Peter Faminoff has been modifying vehicles for people with physical limitations, and then teaching them to drive them, since 1991. His Columbia Driver Training Centre in Port Coquitlam offers specialized instruction for people with disabilities, which, he said, comprises about a third of his business.

Faminoff said the first hurdle to overcome is convincing his disabled clients they can drive.

“The client has been programmed [to believe] they’ll never drive again,” Faminoff said. “We have to get them to believe they can do it.”

Faminoff said he has taught drivers with various degrees of paralysis from strokes or accidents, and even ones with missing limbs. All take a degree of patience and understanding about what they’re going through.

“You have to learn new habits, not just new ways,” he said.

For Burgess, that meant always remembering to put one hand on the control knob on the steering wheel of his modified van and the other on the hand-operated accelerator and brake control because  if he rests both hands on the wheel, his muscle memory reverts to his legs, which, of course, no longer work.

“You have to imprint it,” he said. “When an emergency situation comes up, you don’t want to think about it.”
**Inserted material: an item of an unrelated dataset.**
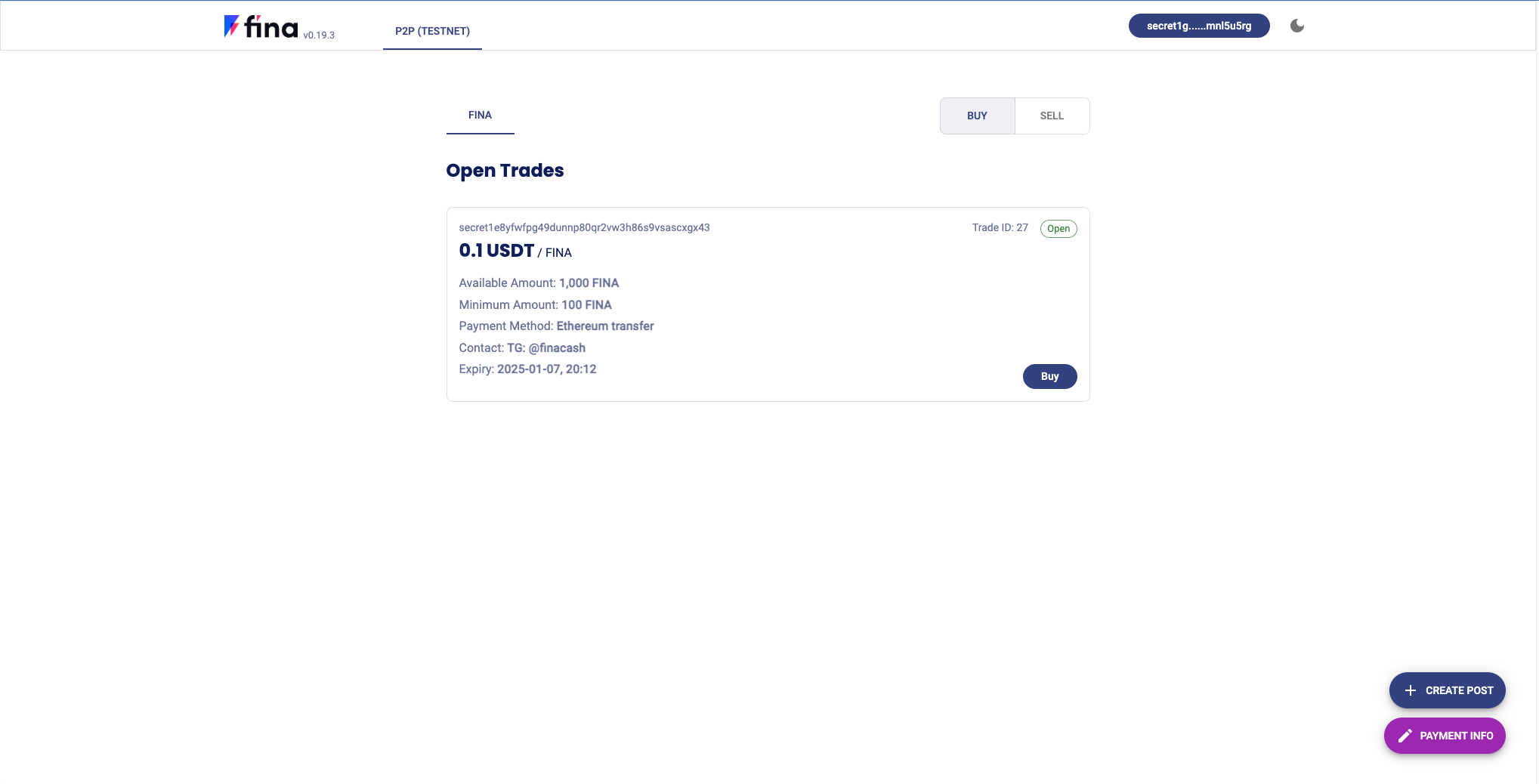Once you have set up your Payment Info, you should be able to see the Open Trades posted by other P2P users. You can choose to enter a deal by clicking the Sell or Buy button of the post, or click Create Post to open a new trade yourself.

Burgess has had about a half dozen training sessions in his vehicle.

And when his driving assessment officer was smiling at the end of his test, “it felt like I was 16 again. It was like a new chapter in my life was about to start.”

A chapter that now includes being able to drive himself to the grocery store, social gatherings and even concerts at Rogers Arena.

“You take transportation and routine chores as a matter of habit when you’re able-bodied,” Burgess said. “When you’re disabled, all the rules change.”